La true story de Clifford Irving, génie pathologique de l’arnaque, qui a bluffé l’Amérique en signant une fausse autobiographie d’Howard Hughes, alors muet depuis quinze ans. Sous la caméra de Lasse Hallström, fabriquant de soupe de Miramax durant les années Weinstein, on pouvait s’attendre au pire. En fait non, Faussaire possède ce petit rien de raffinement, ce zeste d’incarnation et de malice qui font les petits films intéressants. Hallström reste Hallström, un technicien à l’humanisme sirupeux, un cadreur de stars visant un classicisme discret, à l’ancienne. Mais son cinéma, fluctuant selon les scénarios, est tombé sur un pic. Enfin une bonne histoire, rythmée, à sous-couches, livrée clé en main.
Tout est affaire d’attelage dans Faussaire. Arnaque + années 70 + Richard Gere : l’équation ne fonctionne qu’à condition d’en exclure la mise en scène. Ce qu’a compris Hallström qui suit le mouvement à la manière du complice maladroit d’Irving (Alfred Molina, très bon), navigue entre empathie, stress, bonhomie et saillies narquoises. Ce qui est génial dans Faussaire, c’est qu’on ne cherche pas à nous rouler dans la farine. On éclaire les coulisses, on partage les plans des acteurs qui les élaborent sous nos yeux. D’où un rapport affectif au genre lui-même, vu comme une vaste boîte à outils dont on découvre progressivement les potentialités : apprendre à composer des faux papiers, imiter Hughes, piquer un manuscrit, tenter un coup de poker. L’ouverture qui montre le staff de Richard Gere attendre l’hélico d’Howard Hughes est dans le genre assez remarquable : les deux fils dramatiques (mystifier les autres – arnaqueur compris – et nous-même) s’entrecroisent, mais ne s’emmêlent pas. Autrement dit, peu importe que le véritable Hugues débarque ou non, le canular remodèle le monde, l’abreuve de plaisir et d’adrénaline.

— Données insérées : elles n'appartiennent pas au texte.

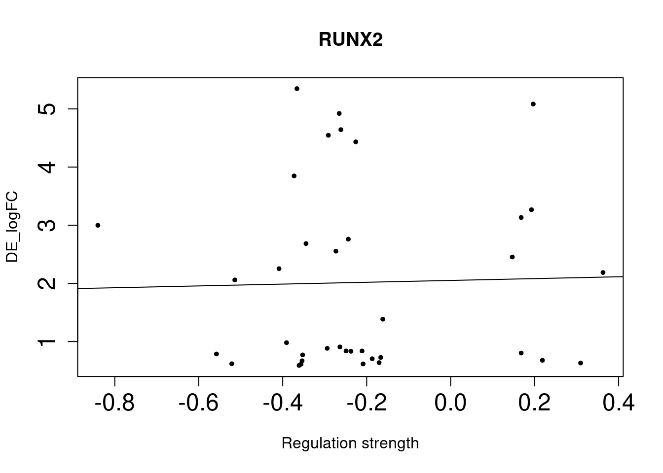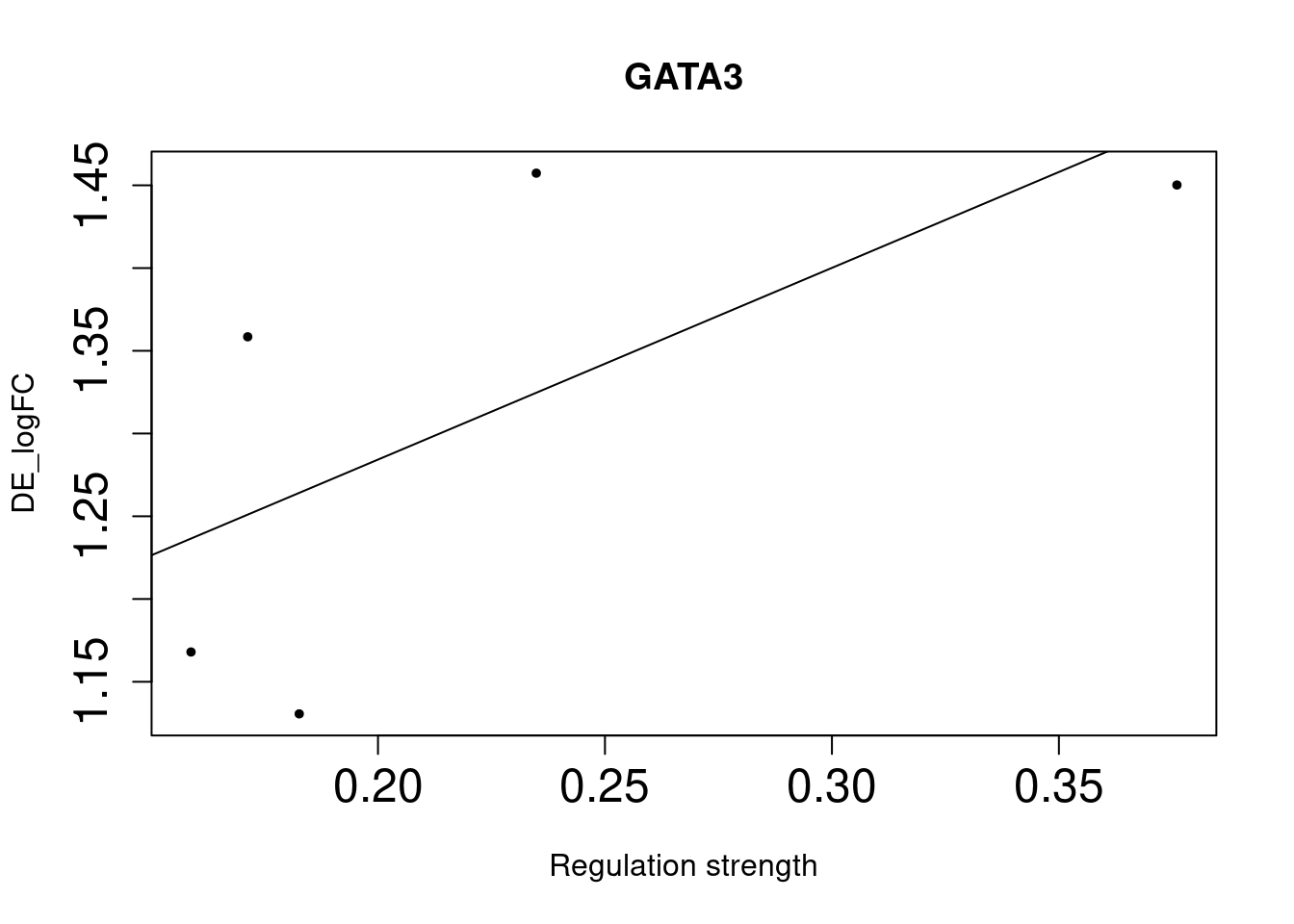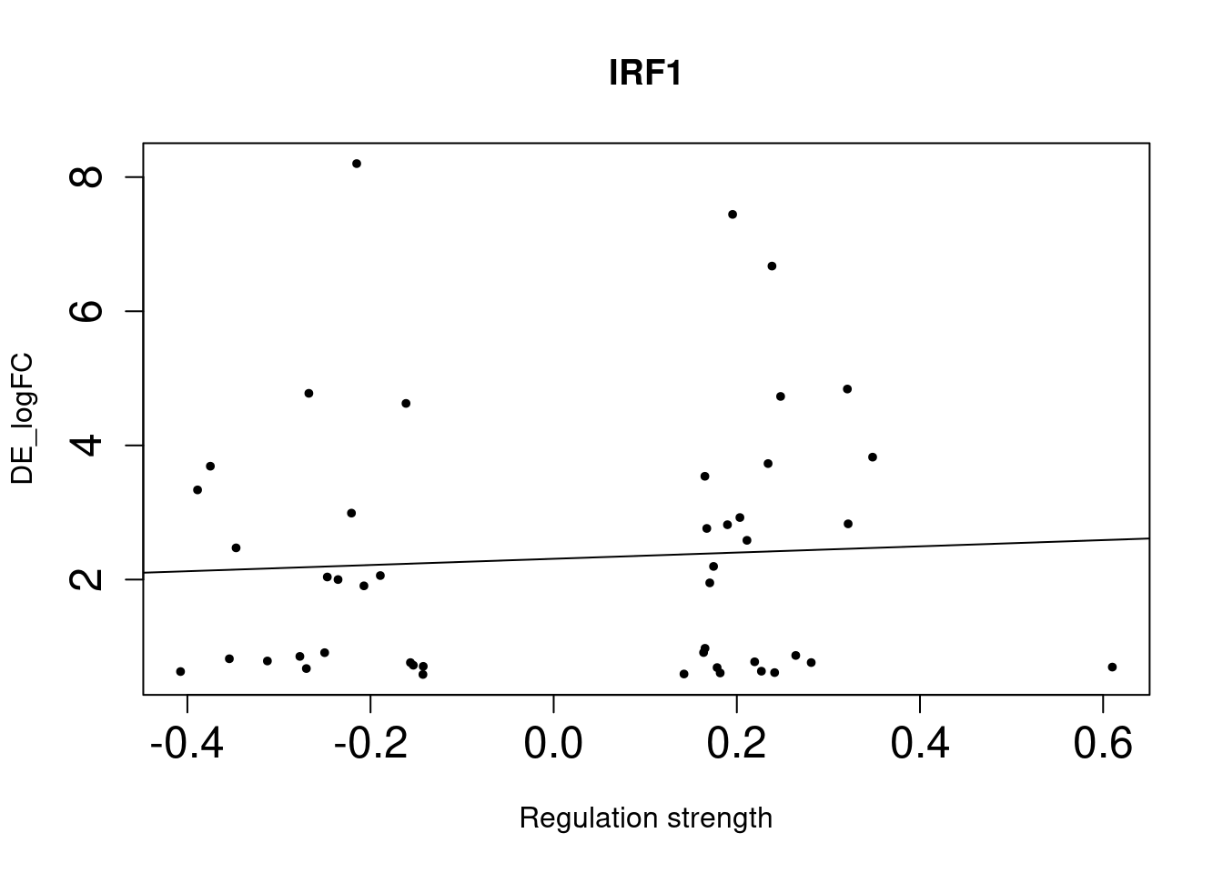As we identified lung-specific TFs enriched for DE genes, we further asked if TFs that have stronger links tend to have DE genes with larger differences between lung and spleen. Let’s use gene expression in spleen as baseline. If specific lung TFs drive gene expression in lung to be higher than baseline, we would expect to higher TF activity leads to higher expression.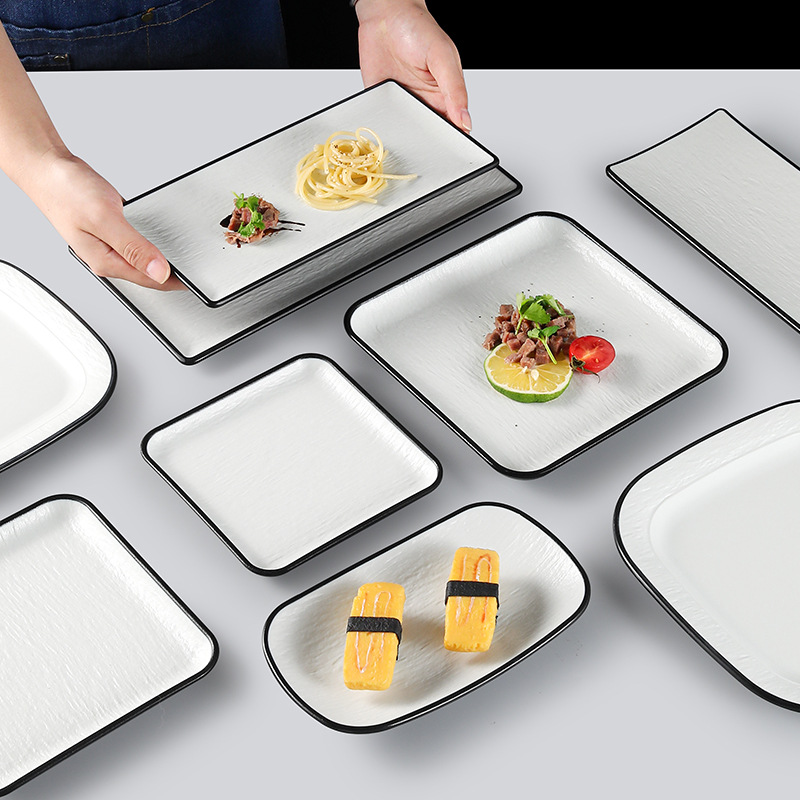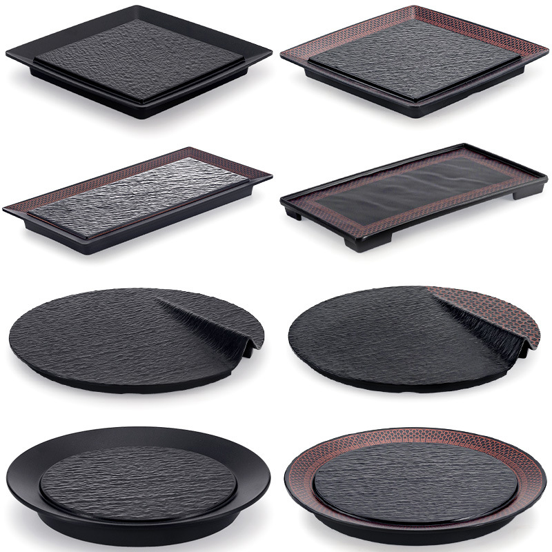 メラミンの皿の黒いプラスチックの平皿の鍋の店の料理の皿の日本式の寿司の皿の焼肉の皿のステーキの食事の皿の商用化

Où se situe Hallström dans cette mécanique d’écriture de scénario ? Il s’en remet à son rôle de godillot des stars (cf. Une Vie inachevée, costume taillé pour Morgan Freeman, Robert Redford et J-Lo) ou confie la télécommande aux acteurs, puis les regarde s’en servir. Le transformisme de cabaret propre au biopic s’en trouve quasiment théorisé : le cheveu brun de Richard Gere, l’accent teuton de Marcia Gay Harden, tout cela est ouvertement artificiel, considéré trivialement comme un accessoire de pure mascarade, éventuellement de fenêtre ouverte sur le passé si l’on se concentre sur Gere. L’acteur, littéralement revenu à ses glorieuses années Malicko-Schraderienne, livre en creux une autocritique attachante. Oui, Clifford Irving c’est aussi Richard Gere, séducteur sans mystère et, du coup, un peu trop voyant, légèrement méprisé (sex toy, chair à poster, un archétype quoi). Une belle image dont les entailles, les creux et les bosses ne dégagent aucune zone d’ombre.